### ACTIVITY
Pictures in the listing below are skipped, while the lines from the "2022年4月,长沙市医疗保" line through the "molto buono. (NL6)" line are returned word for word.

** Opening EXERCISE DATA block **

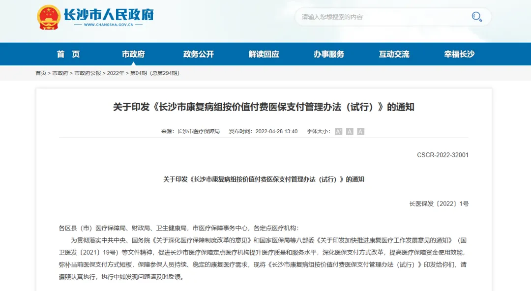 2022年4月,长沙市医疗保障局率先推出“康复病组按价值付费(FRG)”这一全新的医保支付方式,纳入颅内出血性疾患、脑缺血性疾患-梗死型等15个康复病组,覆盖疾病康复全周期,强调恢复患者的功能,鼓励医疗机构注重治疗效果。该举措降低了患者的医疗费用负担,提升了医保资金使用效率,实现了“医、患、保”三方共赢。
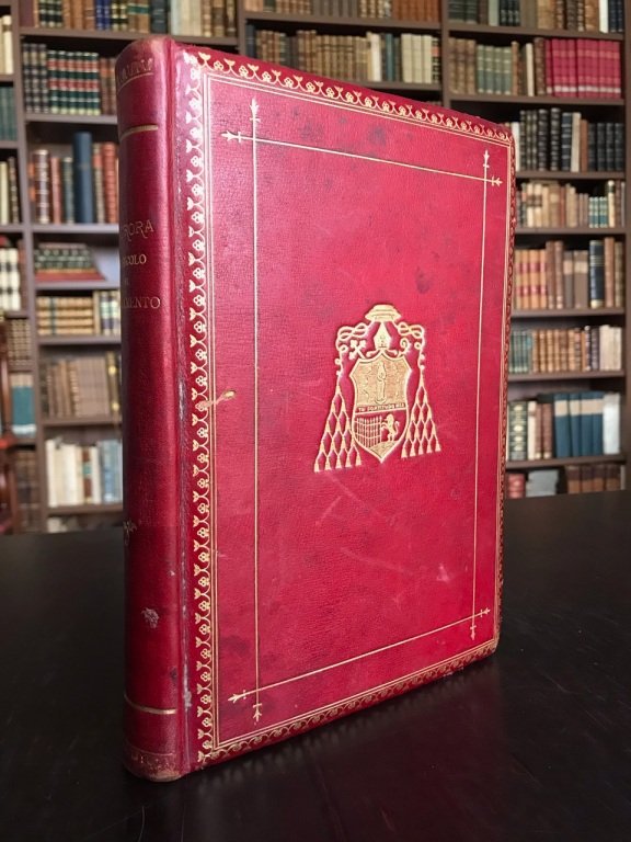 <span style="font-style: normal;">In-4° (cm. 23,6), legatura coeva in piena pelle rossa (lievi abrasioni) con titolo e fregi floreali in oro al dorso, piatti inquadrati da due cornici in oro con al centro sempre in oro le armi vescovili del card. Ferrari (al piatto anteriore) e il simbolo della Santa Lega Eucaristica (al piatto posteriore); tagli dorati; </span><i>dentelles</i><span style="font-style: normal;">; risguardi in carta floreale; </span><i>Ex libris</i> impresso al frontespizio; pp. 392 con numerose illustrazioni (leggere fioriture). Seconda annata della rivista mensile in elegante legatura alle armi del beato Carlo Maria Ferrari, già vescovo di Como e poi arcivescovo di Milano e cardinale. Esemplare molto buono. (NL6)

** Closing EXERCISE DATA block **
** Opening EXERCISE DATA block **

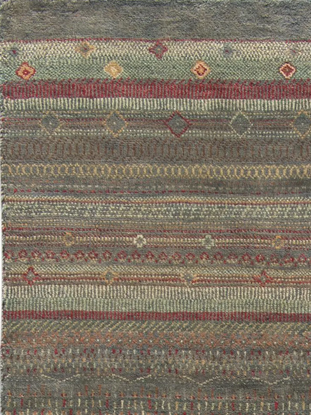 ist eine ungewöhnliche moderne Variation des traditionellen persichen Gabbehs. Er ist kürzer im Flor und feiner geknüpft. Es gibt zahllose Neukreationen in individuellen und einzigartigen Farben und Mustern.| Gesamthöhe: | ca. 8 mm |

** Closing EXERCISE DATA block **

### THE COMPLETED TASK
 2022年4月,长沙市医疗保障局率先推出“康复病组按价值付费(FRG)”这一全新的医保支付方式,纳入颅内出血性疾患、脑缺血性疾患-梗死型等15个康复病组,覆盖疾病康复全周期,强调恢复患者的功能,鼓励医疗机构注重治疗效果。该举措降低了患者的医疗费用负担,提升了医保资金使用效率,实现了“医、患、保”三方共赢。
 <span style="font-style: normal;">In-4° (cm. 23,6), legatura coeva in piena pelle rossa (lievi abrasioni) con titolo e fregi floreali in oro al dorso, piatti inquadrati da due cornici in oro con al centro sempre in oro le armi vescovili del card. Ferrari (al piatto anteriore) e il simbolo della Santa Lega Eucaristica (al piatto posteriore); tagli dorati; </span><i>dentelles</i><span style="font-style: normal;">; risguardi in carta floreale; </span><i>Ex libris</i> impresso al frontespizio; pp. 392 con numerose illustrazioni (leggere fioriture). Seconda annata della rivista mensile in elegante legatura alle armi del beato Carlo Maria Ferrari, già vescovo di Como e poi arcivescovo di Milano e cardinale. Esemplare molto buono. (NL6)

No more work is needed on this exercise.